The saddest part is that I already successfully quit for over 2 years – less than 3 years ago – and blew it. I got cocky, I forgot my tools, and I was lured back in to the dark side. I brought my husband along with me. We’ve been smoking again for almost a year. What started out as just one, and then just one pack, and then just one night, and then just one more, has evolved back into all of the things I hated about being a smoker. Here is a list of the many things I can come up with just off the top of my head:

  • I stink/the house stinks/my car stinks.
  • I’m ashamed/feel guilty.
  • It’s expensive.
  • I can’t breathe.
  • It’s dirty/makes my car dirty/makes my house dirty.
  • It turns things yellow – my teeth, my fingernails, my walls.
  • I hate feeling like I NEED something outside of myself. I want to be free of my additions.
  • It helps me procrastinate (I’ll do that after I have one more cigarette).
  • It’s a form of self-pity (I’m worthless anyway, who cares if these things are killing me).
  • It’s unhealthy!
  • It isolates me (I go smoke instead of socializing).
  • It creates false friendships (people who wouldn’t be your friend if your addiction didn’t make them feel better about their own).

My biggest fears with quitting are that I will gain a lot of weight (last time I quit I gained 30 pounds!) and/or that I will be really emotional (a couple of times that I have quit, it induced several emotional breakdowns). In a sense, quitting smoking is an act of mourning for me. I mourn the loss of my security blanket, my accepting companion, and my rebel image.
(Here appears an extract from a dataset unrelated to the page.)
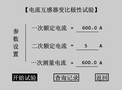 一次測量電流:在互感器綜合特性測試儀變比極性試驗時,電流互感器一次側(cè)實際施加的電流,內(nèi)置升流器升流范圍為0~600A。按被試品的比值大小來設(shè)定一次測量電流,如果一次額定電流超過600A,可將一次測量電流設(shè)為400A~600A。

For my last successful quit, I made regular use of a group called Voices of Nicotine Recovery. It is an online Nicotine Anonymous group that holds voice meetings. I am a busy person and a shy person. For those reasons, an online group appealed to me. Regardless, there is only one face to face meeting per week in my town, whereas VONR has several meetings a day online. The group was of incredible help to me at that time and I highly recommend it for anyone who is looking for support while quitting nicotine.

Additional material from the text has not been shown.